Oh this is really cool! I was building out a bit of this with Restate this past week, but this seems really well put together :) will give it a try!

abelanger

Thanks! Would love to hear more about what type of agent you're building.

We've heard pretty often that durable execution is difficult to wrap your head around, and we've also seen more of our users (including experienced engineers) relying on Cursor and Claude Code while building. So one of the experiments we've been running is ensuring that the agent code is durable when written by LLMs by using our MCP server so the agents can follow best practices while generating code: https://pickaxe.hatchet.run/development/developing-agents#pi...

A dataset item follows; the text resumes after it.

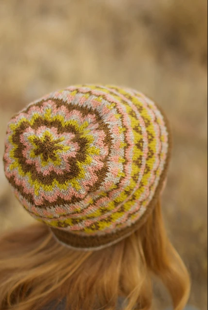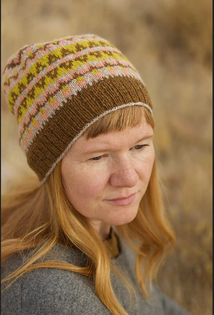 Peavine is an easy to work stranded-knitting pattern in which the end result is all about the interplay of colors and shapes. This slouchy style hat looks great in all sorts of color combos so don’t be afraid to pick some of your favorites and have fun! Peavine is named after the mountain out my back door that I hike on almost everyday. The colors I see out there are very much reflected in the colors I chose for this hat.

Our MCP server is super lightweight and basically just tells the LLM to read the docs here: https://pickaxe.hatchet.run/mcp/mcp-instructions.md (along with some tool calls for scaffolding)

I have no idea if this is useful or not, but we were able to get Claude to generate complex agents which were written with durable execution best practices (no side effects or non-determinism between retries), which we viewed as a good sign.

almosthere

What I really like about it, is that this kind of project helps people learn what an agent is.

abelanger

Thanks! Our favorite resources on this (both have been posted on HN a few times):

- https://www.anthropic.com/engineering/building-effective-age...

- https://github.com/humanlayer/12-factor-agents

That's also why we implemented pretty much all relevant patterns in the docs (i.e. https://pickaxe.hatchet.run/patterns/prompt-chaining).

If there's an example or pattern that you'd like to see, let me know and we can get it released.

golergka

Fantastic. That's exactly what I wanted to make for a long time but never got around to, writing ad-hoc, lacking, overlapping stuff each time.

zegl

As a long time Hatchet user, I understand why you’ve created this library, but it also disappoints me a little bit. I wish more engineering time was spent on making the core platform more stable and performant.

abelanger

Definitely understand the frustration, the difficulty of Hatchet being general-purpose is that being performant for every use-case can be tricky, particularly when combining many features (concurrency, rate limiting, priority queueing, retries with backoff, etc). We should be more transparent about which combinations of use-cases we're focused on optimizing.

We spent a long time optimizing the single-task FIFO use-case, which is what we typically benchmark against. Performance for that pattern is i/o-bound at > 10k/s which is a good sign (just need better disks). So a pure durable-execution workload should run very performantly.

We're focused on improving multi-task and concurrency use-cases now. Our benchmarking setup recently added support for those patterns. More on this soon!